> **THE TASK**: From the line containing "Didier Drogba et" through the last line of the data, both ends included, write out every line exactly; omit the pictures.

> **DATA BELOW**:
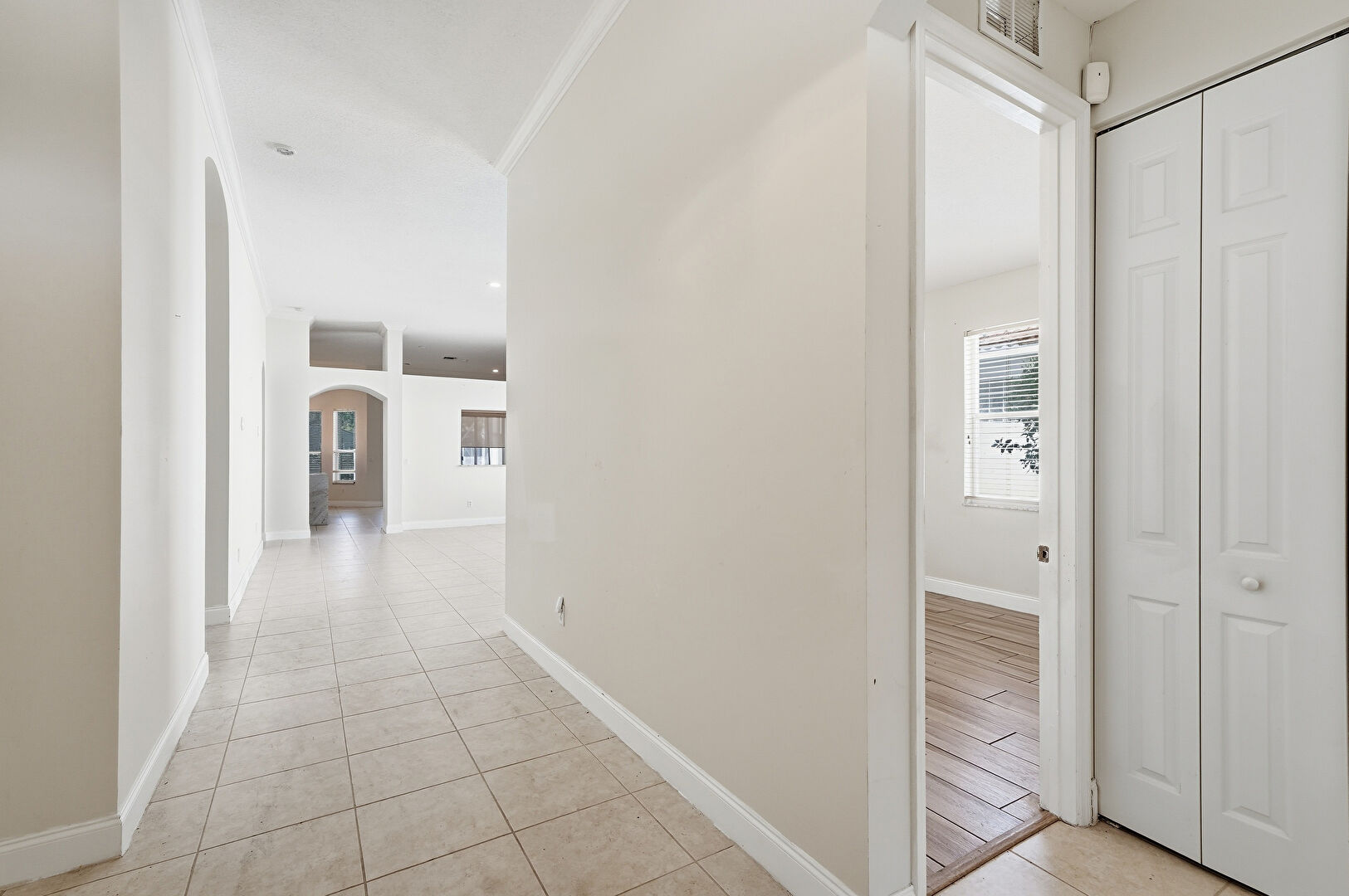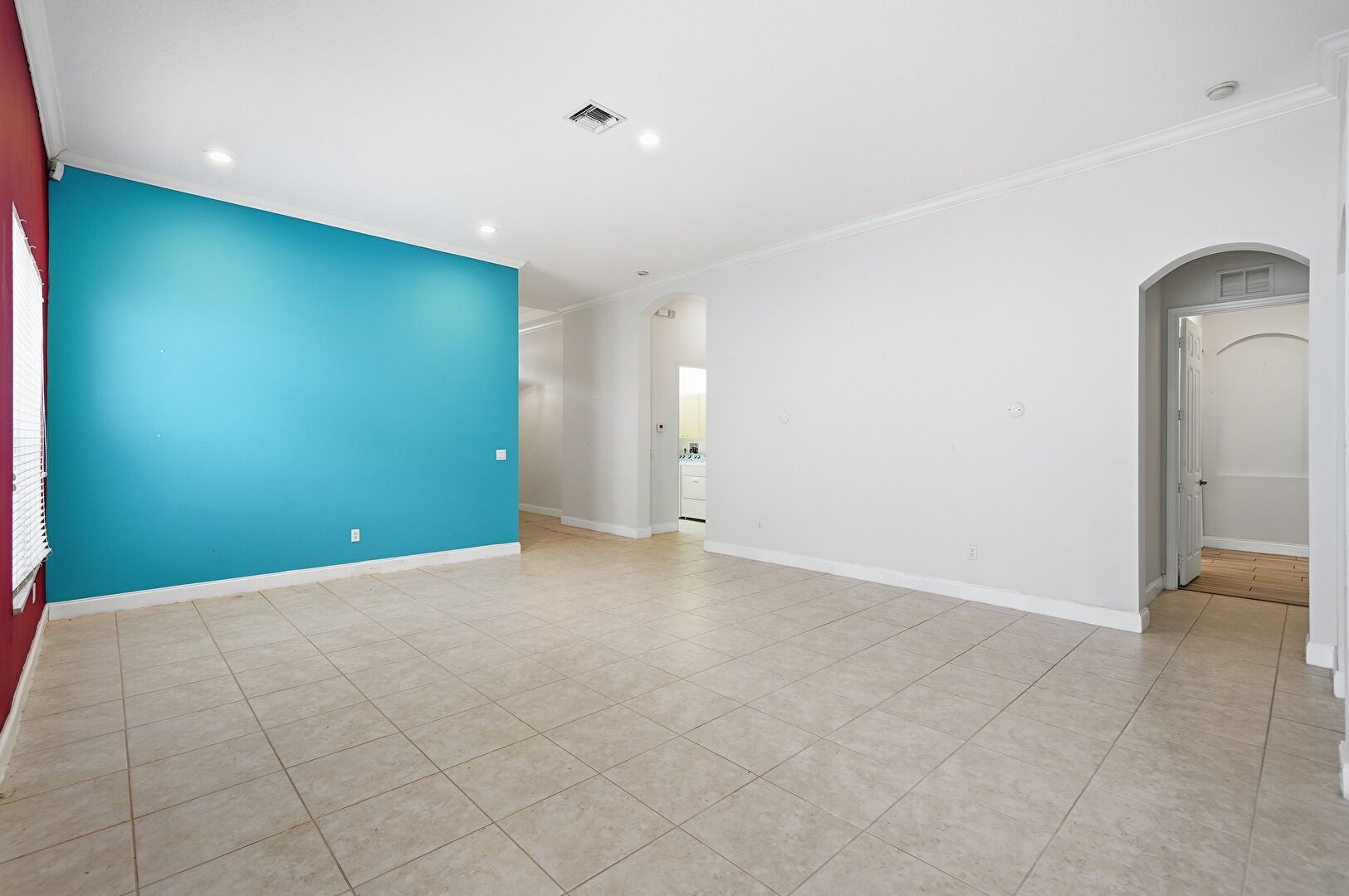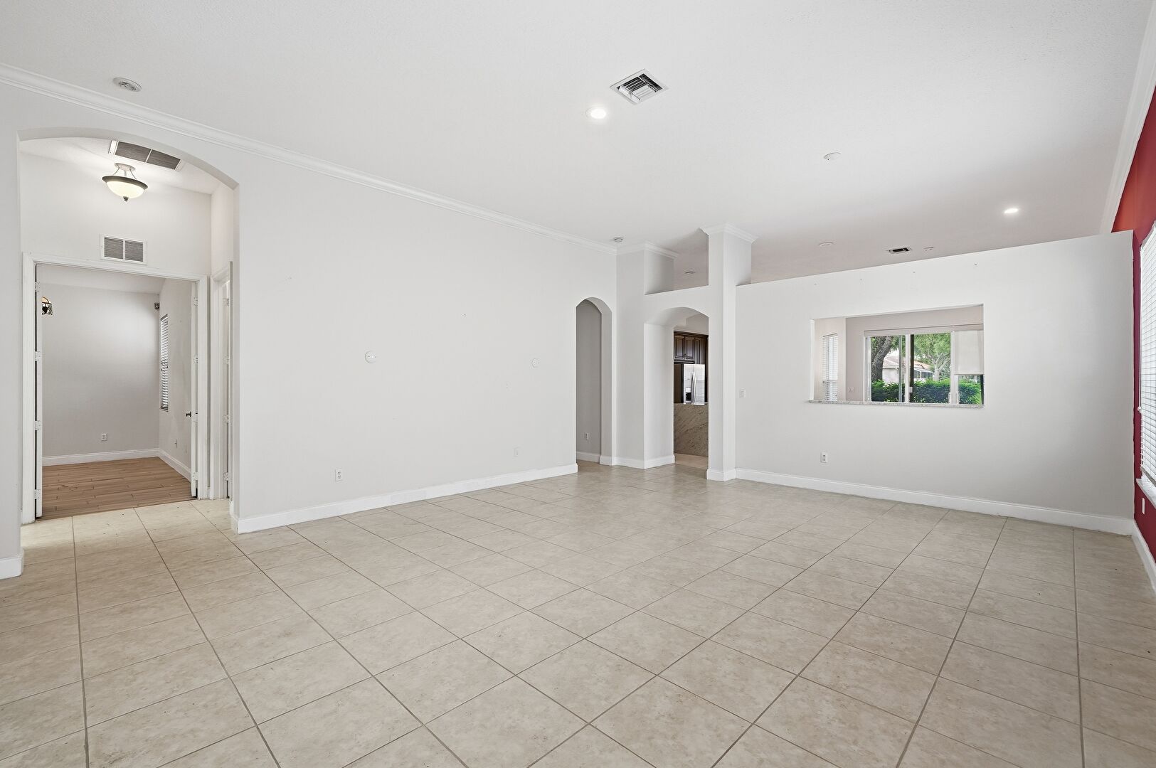 Arched Walkways, Baseboards Wall, Crown Molding, Drywall, Natural Light, Recessed Lighting, Tile Floor, Vent, Arched Walkways, Baseboards Wall, Tile Floor, Vent
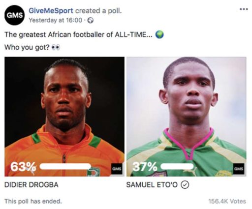 Didier Drogba et Samuel Eto’o ont été les deux gagnants du sondage Facebook. Cependant, il ne pouvait y avoir qu’un seul vainqueur et, après une énorme masse de 157 000 voix, c’était Drogba qui s’est vu élire meilleur footballeur africain de tous les temps.
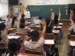 5年の算数は、関数や比例の基礎になるところを学んでいます。たくさん手が挙がってます!

> **YOUR RESPONSE**:
 Didier Drogba et Samuel Eto’o ont été les deux gagnants du sondage Facebook. Cependant, il ne pouvait y avoir qu’un seul vainqueur et, après une énorme masse de 157 000 voix, c’était Drogba qui s’est vu élire meilleur footballeur africain de tous les temps.
 5年の算数は、関数や比例の基礎になるところを学んでいます。たくさん手が挙がってます!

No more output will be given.